Work instruction →
Look through the records below, and whenever a line contains "areas", copy it.

Records shown →
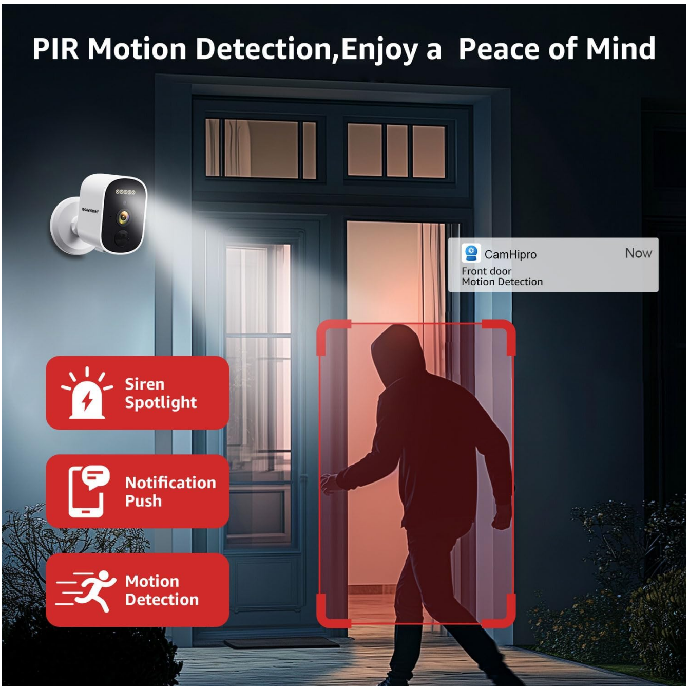
Image 5.3: Illustrates the PIR motion detection feature, showing an alert notification on a smartphone and the camera's spotlight activating to deter an intruder.
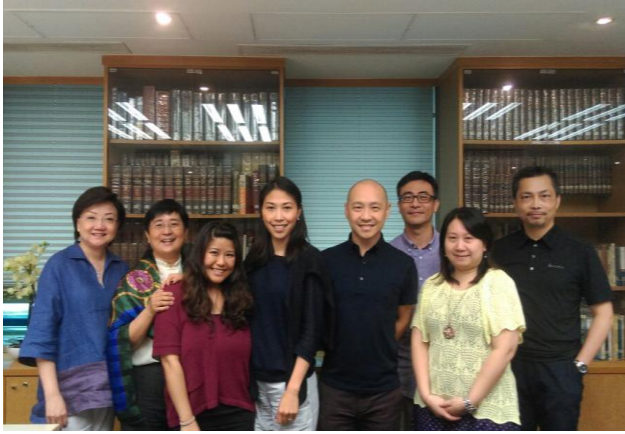
Meeting with the Methodist ministers about the youth ministry
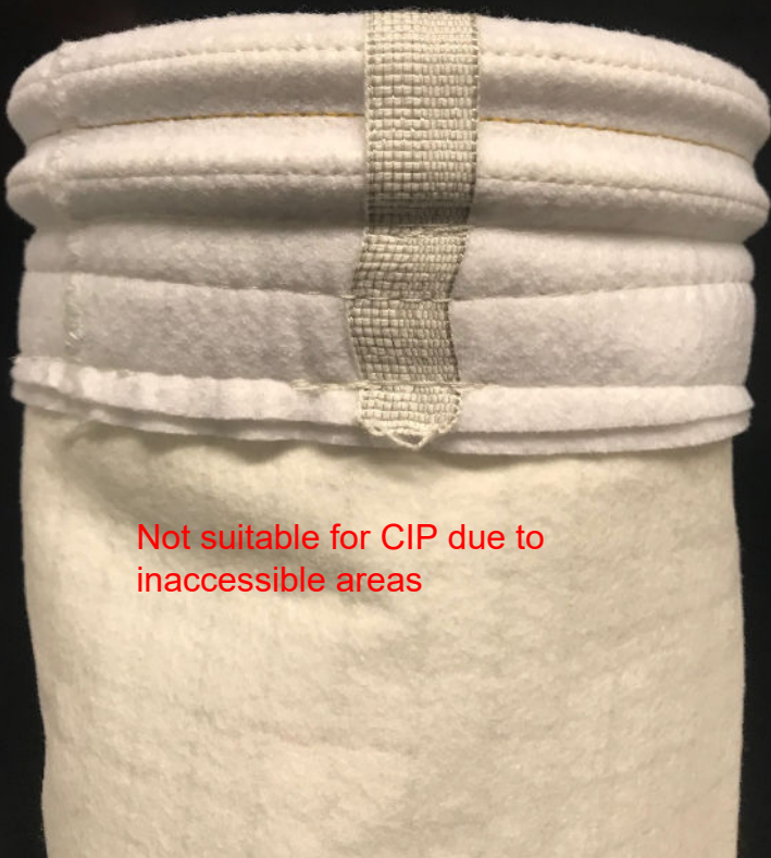
Not suitable for CIP due to inaccessible areas

Simatek has the option to deliver the filter bags either sewed or in welded design of the longitudinal seam.
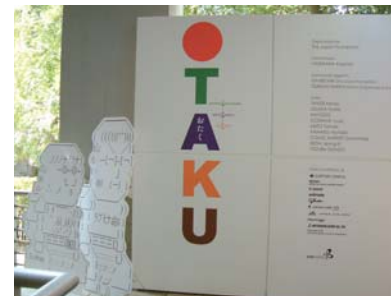
Japanese Pavilion entrance
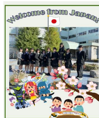
School photo and self-introductions by Josui High School students
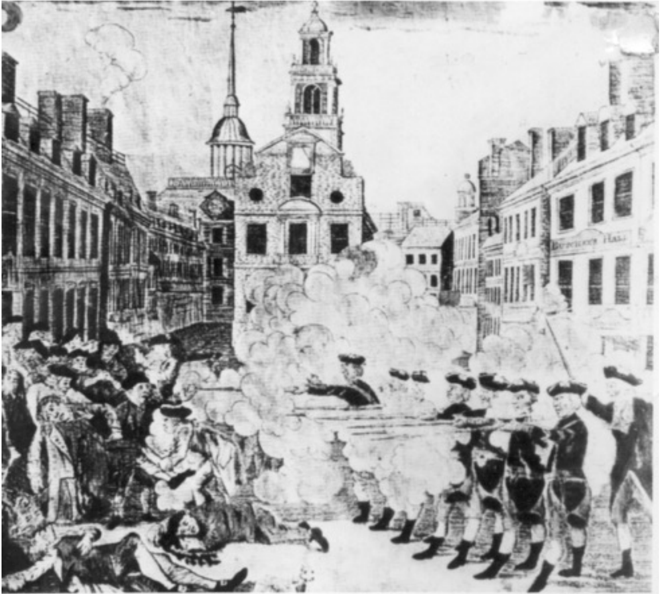
Source: Paul Revere Engraving of the Boston Massacre, 1770
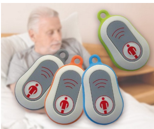
Radio paging systems
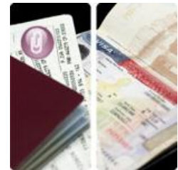
Attach Document Attach Scanned Passport, Drivers License or any other Document
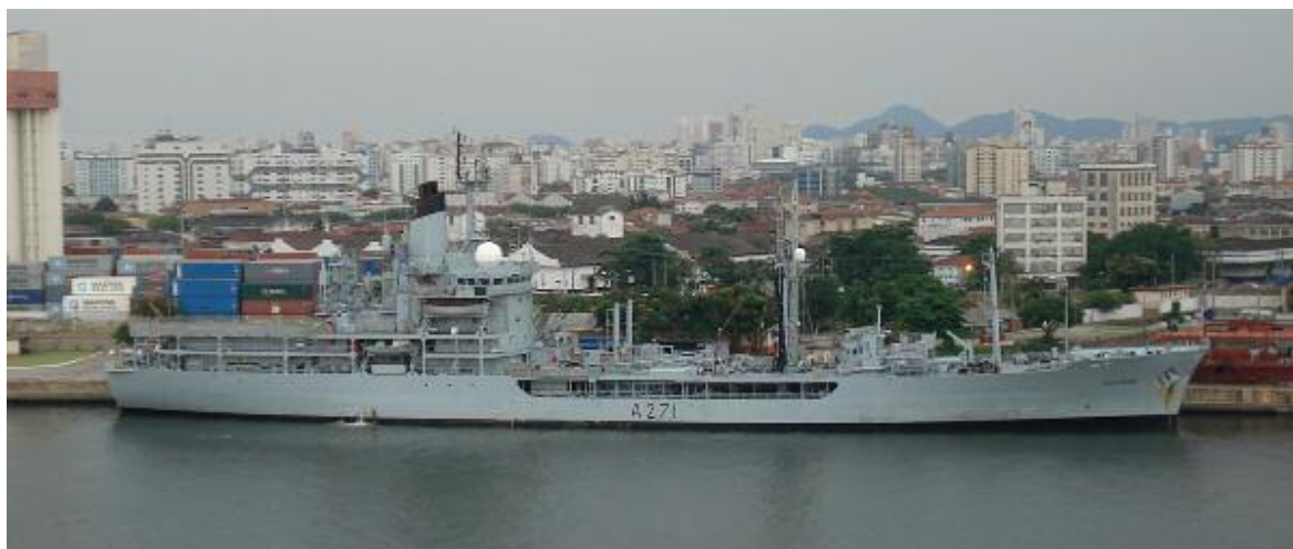
The A 271 GOLD ROVER seen in Santos (Brazil)
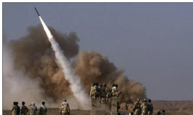
IRANIAN ZELZAL ROCKET.

Zelzal rockets are Iranian-produced rockets of a Russian design. With a 210-kilometer range and a 600-kilogram warhead, these rockets represent a substantial increase in range and payload over the Katyusha and Fajr rockets. A Zelzal rocket with a 210-kilometer range fired out of southern Lebanon could target all of the population centers of Israel except for Eilat on the Gulf of Aqaba. Zelzal rockets were reportedly shipped from Iran to the Bekaa Valley in 2002, but IDF officials have never confirmed any attacks in Israel by Zelzal rockets. 34 Given the size of the warhead, it is unlikely that any Zelzal rocket attacks would have gone unreported in the press. Hezbollah has hinted that it has Zelzal rockets in southern Lebanon. In October 2002 Sheikh Mohammed Yazbek, head of the Juristic Council of Hezbollah, said "All sensitive areas of the Zionist entity were within the range of our fire ... wherever they exist." 35
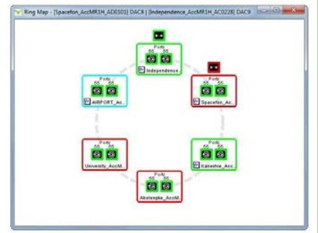
An Eclipse network ring displayed in ProVision—problem links are highlighted in red for user-friendly management.

ProVision is Aviat Networks' comprehensive and feature-rich network management system. It is used by MTN Ghana to manage the national network, both Aviat and thirdparty devices. ProVision's displays and reports provide a complete overview of network health and performance. To view the Accra region in ProVision, Services used ProVision's fast deployment functions, including auto-deployment, which locates and identifies Eclipse and other network devices automatically, and network health reports.
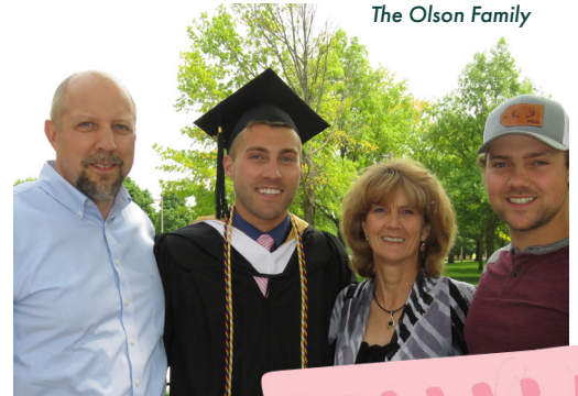
The Olson Family

Every $1 given provides 4 meals for a neighbor in need.
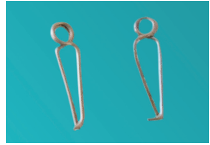
Figure 3 - Kesling separator.
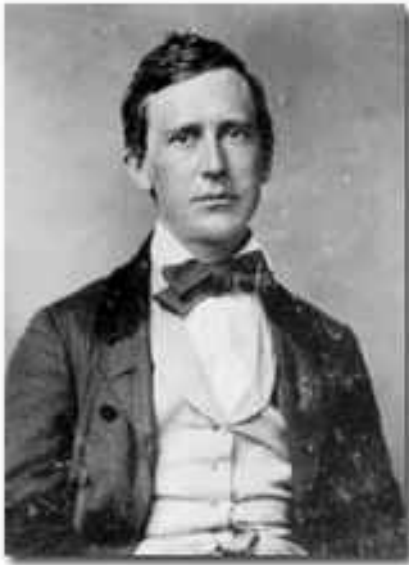
Not many pop stars can pull off a bow tie.

Of course, the problem with being the first in his profession was that there were no such things as "enforcing copyright" or "not screwing over songwriters" back then. Today, Foster would have earned obscene amounts of money from "Oh! Susanna" alone, but in 1848, he got exactly $100 for the rights to publish the sheet music, while the publisher made $10,000 selling his work.
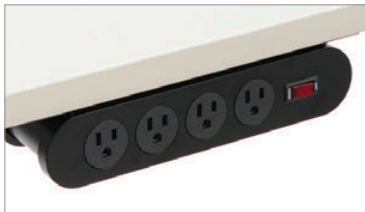
Below surface power bars (double-sided bar shown)
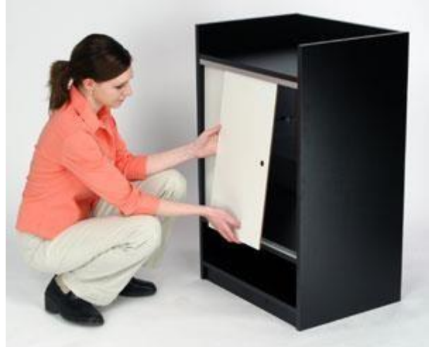
Step 13: Insert the top of the door panel into the top inner channel. Drop door into bottom inner channel. Repeat for other door, using the outer channel.

You are now ready to use your cash wrap!
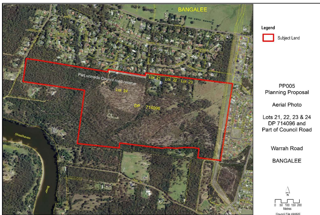
Figure 1 - Subject land and aerial photo

PP005 applies to: Lots 21 to 24 DP 714096 and approximately 300 linear metres of Council road at Warrah Road, Bangalee - See Figure 1.

Output of the task →
Not suitable for CIP due to inaccessible areas
Zelzal rockets are Iranian-produced rockets of a Russian design. With a 210-kilometer range and a 600-kilogram warhead, these rockets represent a substantial increase in range and payload over the Katyusha and Fajr rockets. A Zelzal rocket with a 210-kilometer range fired out of southern Lebanon could target all of the population centers of Israel except for Eilat on the Gulf of Aqaba. Zelzal rockets were reportedly shipped from Iran to the Bekaa Valley in 2002, but IDF officials have never confirmed any attacks in Israel by Zelzal rockets. 34 Given the size of the warhead, it is unlikely that any Zelzal rocket attacks would have gone unreported in the press. Hezbollah has hinted that it has Zelzal rockets in southern Lebanon. In October 2002 Sheikh Mohammed Yazbek, head of the Juristic Council of Hezbollah, said "All sensitive areas of the Zionist entity were within the range of our fire ... wherever they exist." 35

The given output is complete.